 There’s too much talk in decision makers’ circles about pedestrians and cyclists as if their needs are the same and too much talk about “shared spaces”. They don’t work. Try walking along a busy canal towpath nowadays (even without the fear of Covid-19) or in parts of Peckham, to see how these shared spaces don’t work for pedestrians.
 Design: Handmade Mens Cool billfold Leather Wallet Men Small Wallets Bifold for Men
---
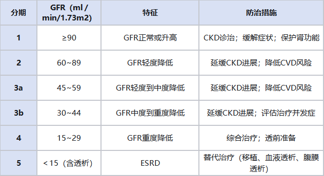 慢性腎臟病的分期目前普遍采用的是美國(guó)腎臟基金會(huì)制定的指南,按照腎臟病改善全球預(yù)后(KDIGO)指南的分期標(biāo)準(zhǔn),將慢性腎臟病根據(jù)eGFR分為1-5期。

→ What you should do
Your task for the entries above: copy exactly the span starting with the line with "There’s too much" and going on through the line with "Design: Handmade Mens", both lines included, and nothing else.

→ Result for this task
 There’s too much talk in decision makers’ circles about pedestrians and cyclists as if their needs are the same and too much talk about “shared spaces”. They don’t work. Try walking along a busy canal towpath nowadays (even without the fear of Covid-19) or in parts of Peckham, to see how these shared spaces don’t work for pedestrians.
 Design: Handmade Mens Cool billfold Leather Wallet Men Small Wallets Bifold for Men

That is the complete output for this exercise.